» What the task asks
Write out the records word for word, with no pictures.

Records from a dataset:

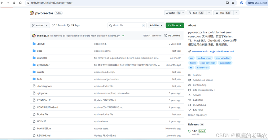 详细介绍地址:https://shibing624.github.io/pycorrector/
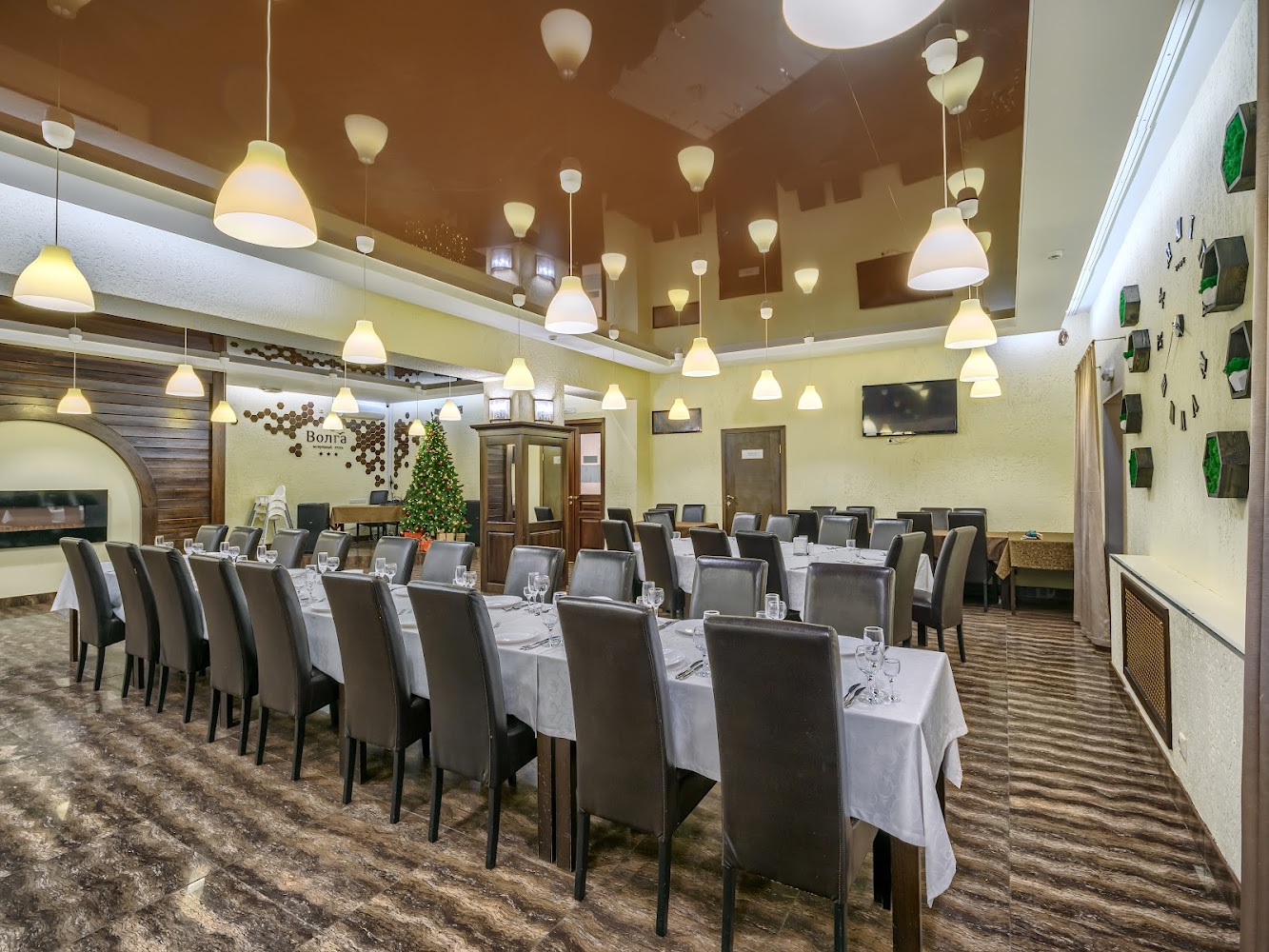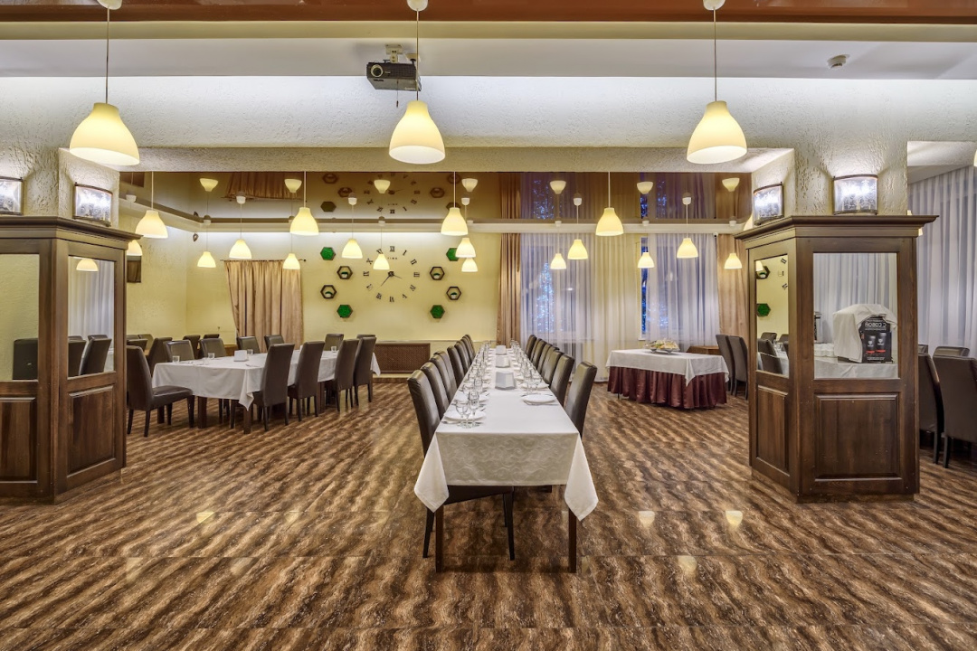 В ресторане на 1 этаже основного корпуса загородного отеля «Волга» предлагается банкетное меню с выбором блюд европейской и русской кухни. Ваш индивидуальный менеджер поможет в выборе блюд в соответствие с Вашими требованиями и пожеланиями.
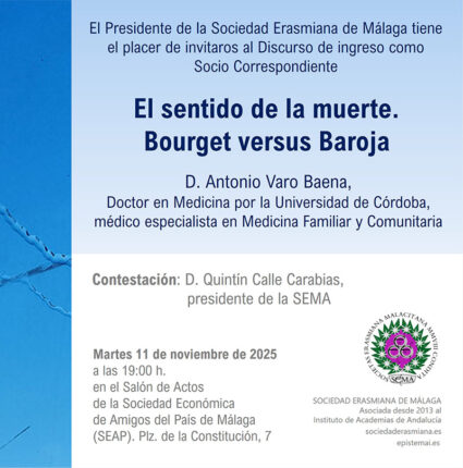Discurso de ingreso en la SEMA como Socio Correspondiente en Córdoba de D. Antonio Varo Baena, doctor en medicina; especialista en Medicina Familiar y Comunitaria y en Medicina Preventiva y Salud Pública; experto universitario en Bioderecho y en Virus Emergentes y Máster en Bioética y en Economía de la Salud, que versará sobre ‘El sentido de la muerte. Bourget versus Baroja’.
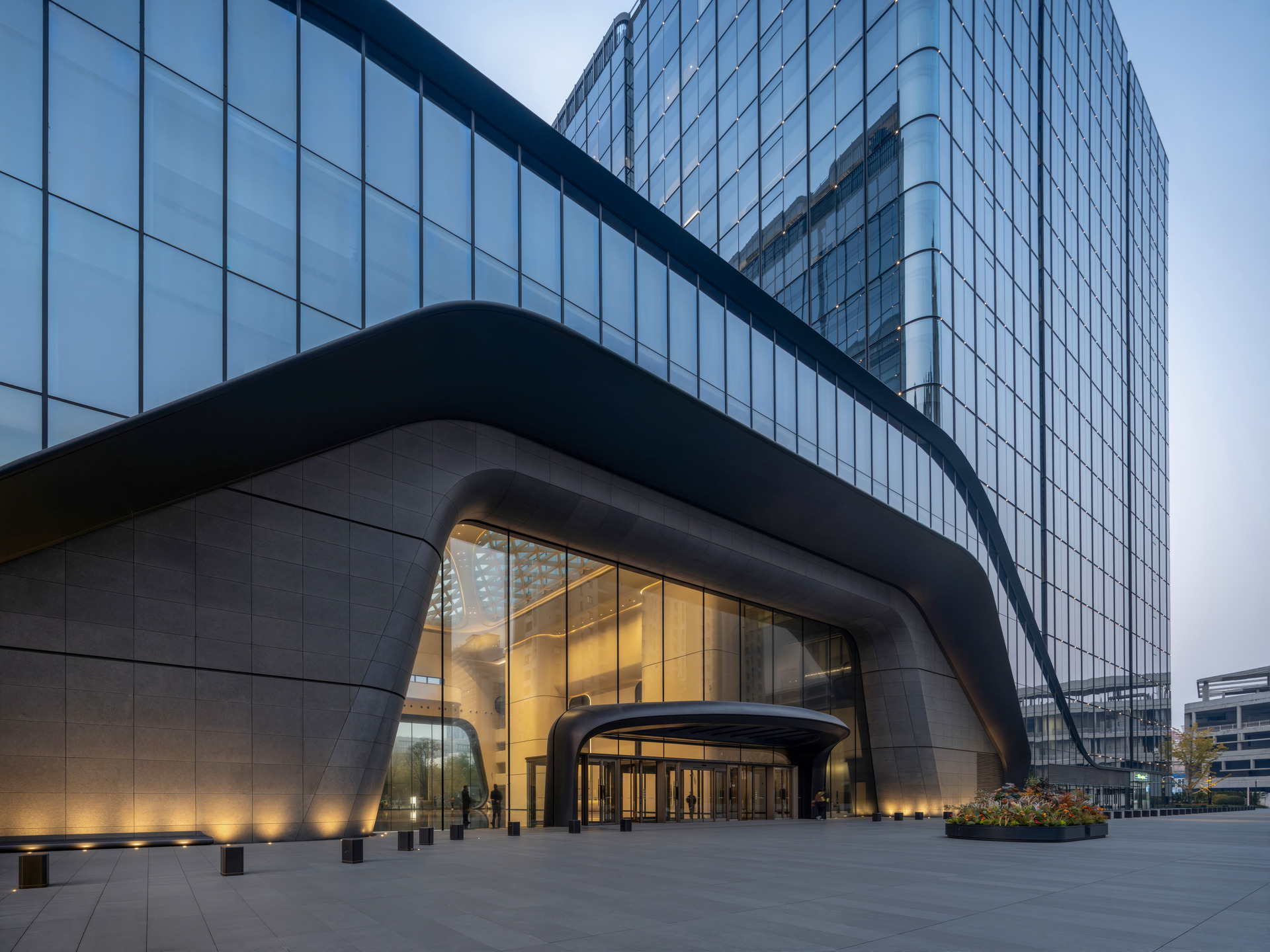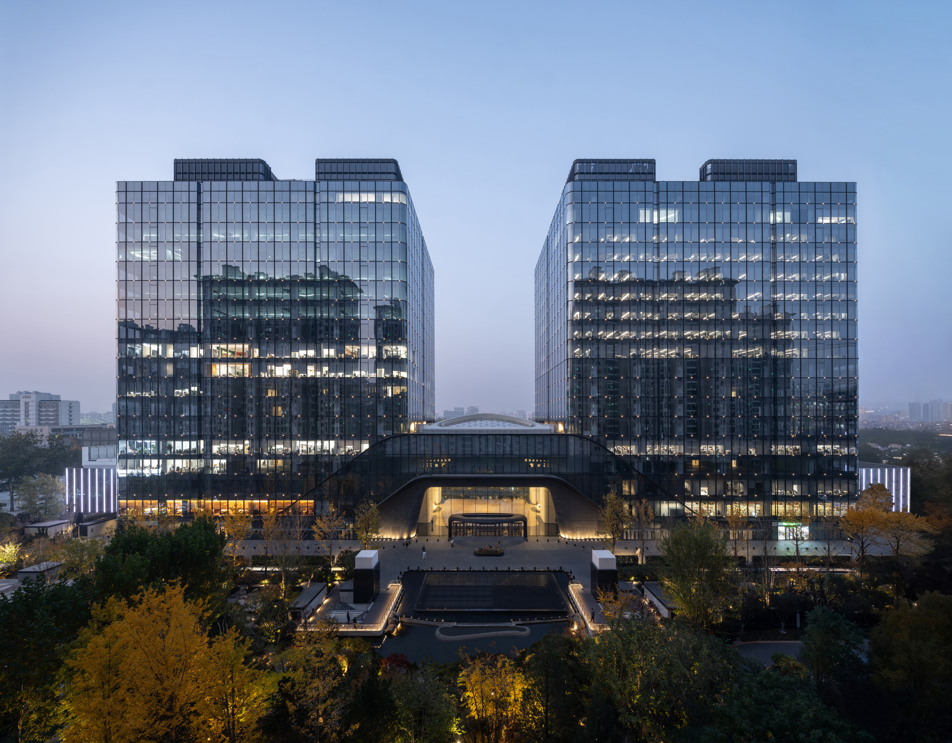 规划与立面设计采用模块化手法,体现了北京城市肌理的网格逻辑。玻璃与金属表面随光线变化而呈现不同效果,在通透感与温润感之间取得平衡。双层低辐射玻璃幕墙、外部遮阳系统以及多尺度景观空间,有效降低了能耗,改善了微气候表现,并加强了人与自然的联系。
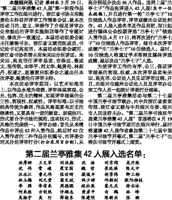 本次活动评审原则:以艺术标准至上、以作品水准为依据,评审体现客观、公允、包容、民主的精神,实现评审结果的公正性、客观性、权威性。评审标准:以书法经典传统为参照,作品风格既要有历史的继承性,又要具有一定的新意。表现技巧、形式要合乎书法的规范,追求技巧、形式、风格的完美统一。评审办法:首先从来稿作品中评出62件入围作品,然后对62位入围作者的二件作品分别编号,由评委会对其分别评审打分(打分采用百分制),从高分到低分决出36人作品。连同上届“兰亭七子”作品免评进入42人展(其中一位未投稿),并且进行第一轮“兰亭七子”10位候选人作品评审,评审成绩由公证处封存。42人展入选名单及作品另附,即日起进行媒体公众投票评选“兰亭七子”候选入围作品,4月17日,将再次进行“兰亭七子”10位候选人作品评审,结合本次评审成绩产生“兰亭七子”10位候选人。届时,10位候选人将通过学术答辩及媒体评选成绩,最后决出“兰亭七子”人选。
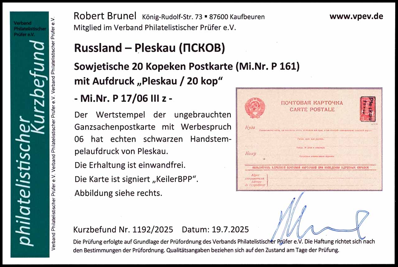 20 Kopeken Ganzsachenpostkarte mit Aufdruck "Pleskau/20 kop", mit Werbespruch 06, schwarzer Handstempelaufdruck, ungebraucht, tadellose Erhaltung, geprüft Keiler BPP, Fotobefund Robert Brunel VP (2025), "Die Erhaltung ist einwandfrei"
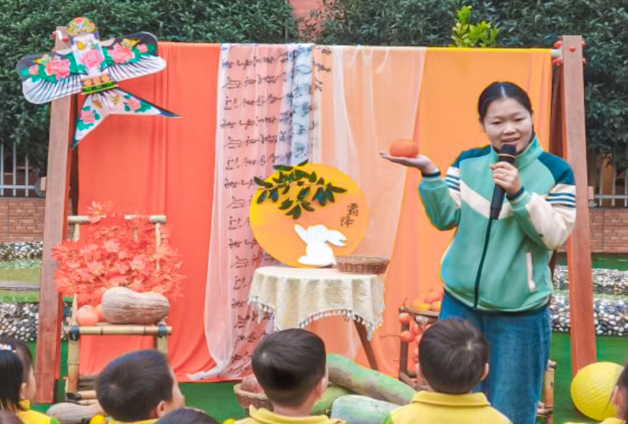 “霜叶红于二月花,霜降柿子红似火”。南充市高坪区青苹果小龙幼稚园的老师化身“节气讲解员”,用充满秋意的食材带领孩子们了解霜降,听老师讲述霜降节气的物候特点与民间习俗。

» Solution for this task
 详细介绍地址:https://shibing624.github.io/pycorrector/
 В ресторане на 1 этаже основного корпуса загородного отеля «Волга» предлагается банкетное меню с выбором блюд европейской и русской кухни. Ваш индивидуальный менеджер поможет в выборе блюд в соответствие с Вашими требованиями и пожеланиями.
Discurso de ingreso en la SEMA como Socio Correspondiente en Córdoba de D. Antonio Varo Baena, doctor en medicina; especialista en Medicina Familiar y Comunitaria y en Medicina Preventiva y Salud Pública; experto universitario en Bioderecho y en Virus Emergentes y Máster en Bioética y en Economía de la Salud, que versará sobre ‘El sentido de la muerte. Bourget versus Baroja’.
 规划与立面设计采用模块化手法,体现了北京城市肌理的网格逻辑。玻璃与金属表面随光线变化而呈现不同效果,在通透感与温润感之间取得平衡。双层低辐射玻璃幕墙、外部遮阳系统以及多尺度景观空间,有效降低了能耗,改善了微气候表现,并加强了人与自然的联系。
 本次活动评审原则:以艺术标准至上、以作品水准为依据,评审体现客观、公允、包容、民主的精神,实现评审结果的公正性、客观性、权威性。评审标准:以书法经典传统为参照,作品风格既要有历史的继承性,又要具有一定的新意。表现技巧、形式要合乎书法的规范,追求技巧、形式、风格的完美统一。评审办法:首先从来稿作品中评出62件入围作品,然后对62位入围作者的二件作品分别编号,由评委会对其分别评审打分(打分采用百分制),从高分到低分决出36人作品。连同上届“兰亭七子”作品免评进入42人展(其中一位未投稿),并且进行第一轮“兰亭七子”10位候选人作品评审,评审成绩由公证处封存。42人展入选名单及作品另附,即日起进行媒体公众投票评选“兰亭七子”候选入围作品,4月17日,将再次进行“兰亭七子”10位候选人作品评审,结合本次评审成绩产生“兰亭七子”10位候选人。届时,10位候选人将通过学术答辩及媒体评选成绩,最后决出“兰亭七子”人选。
 20 Kopeken Ganzsachenpostkarte mit Aufdruck "Pleskau/20 kop", mit Werbespruch 06, schwarzer Handstempelaufdruck, ungebraucht, tadellose Erhaltung, geprüft Keiler BPP, Fotobefund Robert Brunel VP (2025), "Die Erhaltung ist einwandfrei"
 “霜叶红于二月花,霜降柿子红似火”。南充市高坪区青苹果小龙幼稚园的老师化身“节气讲解员”,用充满秋意的食材带领孩子们了解霜降,听老师讲述霜降节气的物候特点与民间习俗。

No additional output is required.